How One Person Can Change an Entire Company
Writing in Harvard Business Review, Michigan Ross Professor Emeritus Robert Quinn highlights the power of individual action.
Anyone doubting the ability of one person to transform an organization might consider the example of Dr. Tadataka Yamada.
The Glaxo SmithKline executive led an effort that completely changed the culture at his company. Initially focused on protecting its financial interests at all costs, GSK became a leader in the drive to improve access to medications and fight disease in the developing world.
His story is recounted in a new article in Harvard Business Review by Michigan Ross Professor Emeritus Robert Quinn and coauthors Nicholas W. Eyrich and David P. Fessell of the University of Michigan Medical School. Focusing on Yamada’s story, the authors describe how one person can change an organization by bringing conscience to culture.

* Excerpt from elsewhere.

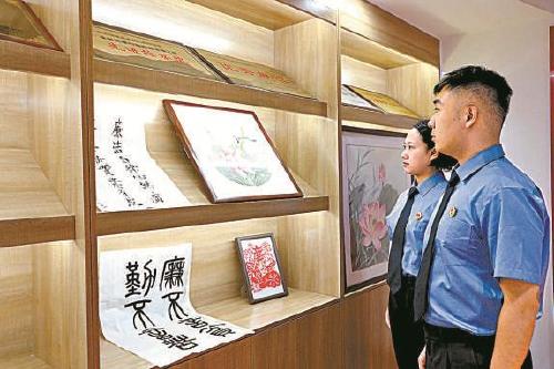 9月8日,黑龍江省牡丹江市東安區(qū)檢察院青年干警駐足觀看廉潔書畫作品

“A single person with a clarity of conscience and a willingness to speak up can make a difference,” the authors write. “Contributing to the greater good is a deep and fundamental human need. When a leader, even a mid-level or lower level leader, skillfully brings a voice and a vision, others will follow and surprising things can happen — even culture change on a large scale.”
Robert Quinn is a professor emeritus of management and organizations at the University of Michigan Ross School of Business and a cofounder of the Center for Positive Organizations.